Myths About Indian Food

Posted on : 7th Jul, 2011

Initial Write-up: If you want to enjoy the diverse styles of Indian food and cooking, it is important to first realize that there are several myths about Indian food going around. Only when you identify and defeat them, will you be able to appreciate what this form of cooking is all about.

The popularity of Indian food is growing around the world, and no one doubts the potential of India’s various cuisines in providing a tasteful indulgence. However, rather unfortunately, there are certain myths about Indian food that are spreading just as fast. A lot of people think that Indian food is synonymous with rich, spicy, oily, fatty and overcooked food, and it makes for unhealthy eating on a regular basis.

Nothing could be farther from the truth, and the most likely reason for these myths is that the only kind of Indian food people are acquainted with comes from restaurants. The difference between Indian food cooked at home and that available in restaurants, especially North Indian cuisine, is about the same as the difference between the food you will eat in a Chinese household and that available in a Chinese restaurant in Greece. Here are some common myths about Indian food busted.

 ‘Indian Cuisine’

 You may be surprised to know that there is no generic ‘Indian cuisine’. India consists of 35 different regions, each with its own culture and styles of cooking. If you asked the average Indian person about Indian food, they would name 8 to 10 different cuisines, none of which would be identified as simply ‘Indian’.

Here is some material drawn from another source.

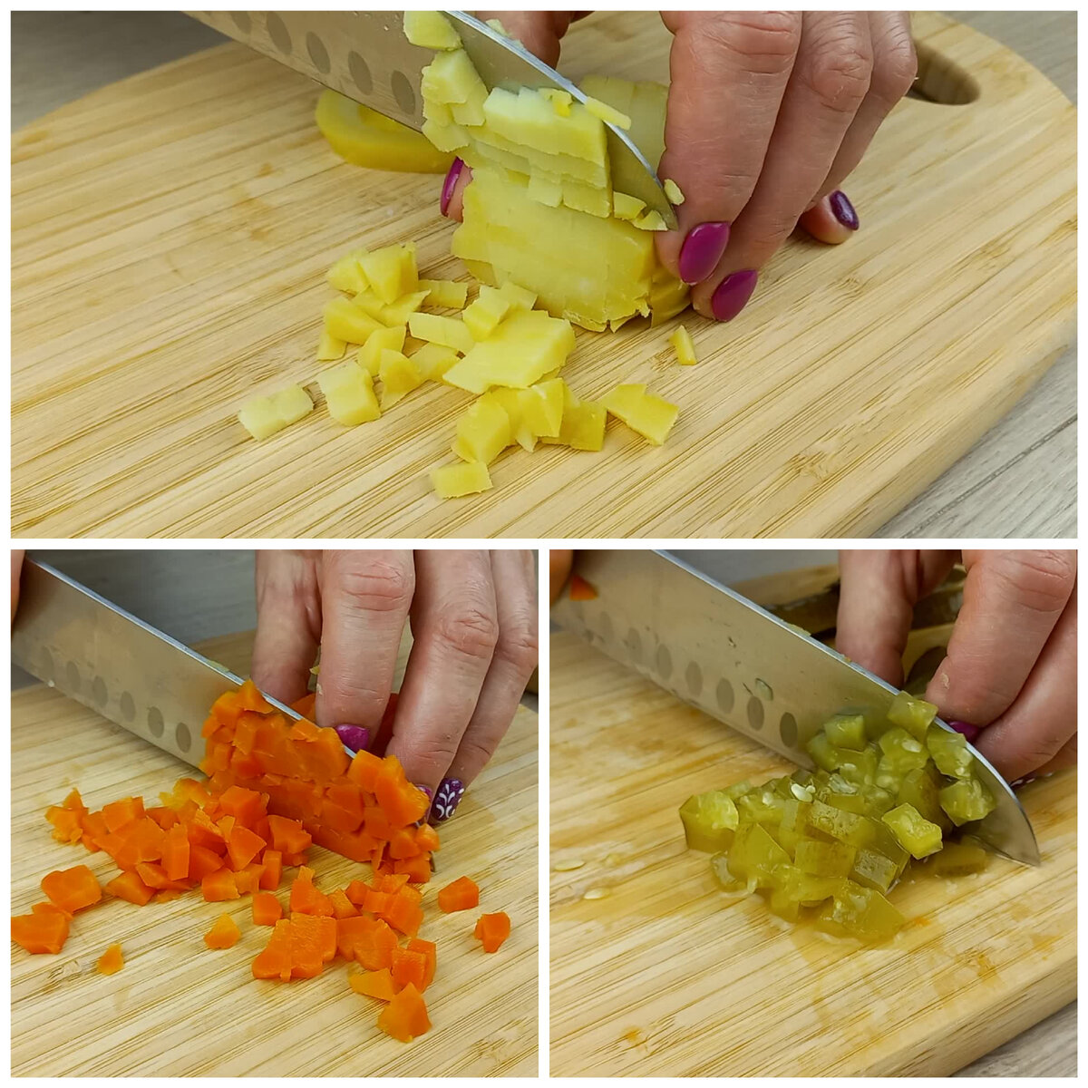 Здравствуйте, дорогие друзья! Когда организм требует витаминов, а душа ярких красок обязательно нужно приготовить винегрет. В нём вы найдёте и то, и другое. Много рецептов приготовления этого закусочного салата. Есть базовый вариант, в который входят такие ингредиенты как : морковь, картофель, свёкла, солёные огурцы, квашеная капуста, репчатый лук, растительное масло, при желании можно добавить уксус. Второй вариант назовём авторским. Вот с одним из таких вариантов я хочу Вас сегодня познакомить. Первоначально всё делаем по классическому рецепту - отварной картофель, отварную морковь и солёный огурец нарезаем на кубики. Такая нарезка очень хорошо смотрится в салате. Нарезанные овощи сбрасываем в миску. Добавляем квашеную капусту. Теперь к базовому рецепту начинаем добавлять консервированный зелёный горошек и консервированную кукурузу. Нарезаем зелёный лучок и отправляем его в миску. Шинкуем мелко репчатый лук и пассеруем его и выкладываем в миску. Нарезаем на кубики отварную свёклу.

 Trying to put in Bengali food from the Eastern coast in the same category as Gujarati food from the West, is as big a blunder as trying to bracket an English breakfast and an Italian meal under the same category. Each region has its own ingredients, spices, herbs and tastes.

 ‘Indian Curry’

 People also make the mistake of thinking that there is some base gravy known as ‘Indian curry’ which is an accompaniment in every meal. Once again, there is no such thing. Gravy preparations vary not only from region to region, but also household to household. There are over 50 herbs and spices grown in India, and every dish involves its own unique combination of anywhere between 5 to 15 of them. Even when the spices are the same, every person who cooks mixes them in his or her own proportions. So, you can imagine how much variety there is in Indian gravies!

 Indian Food is Always Spicy

 This is a very common myth about Indian food, but believe it or not, India has its fair share of people who have very poor spice tolerance levels and yet enjoy the food! Typically, restaurant and street food are exceptionally spicy, but home cooking is a lot more versatile. Any given dish has its own distinct flavor and can be prepared according to taste. The objective of adding spice is not to kill, camouflage or reduce the flavor of food.

 Indian Food is Swimming in Oil and Overcooked

This is far from the truth, as far as home cooking goes. Quite to the contrary, a good chef will make sure that the food she cooks on a daily basis is light, fresh, filling and nutritious. The objective is to never overcook food and kill its nutrients. It is only the food that is cooked for special occasions that tends to be exceptionally rich, creamy and maybe even spicy.

Indian Food is Very Difficult to Prepare

 Indian food consists of dozens of recipes that are practical, versatile and quite simple to prepare, especially with pressure cookers around. Within 30 to 60 minutes, you can have a tasty and nutritious meal ready for four people!

 With these myths about Indian food busted, I would say that you are mentally ready to explore the exciting world of Indian cuisines.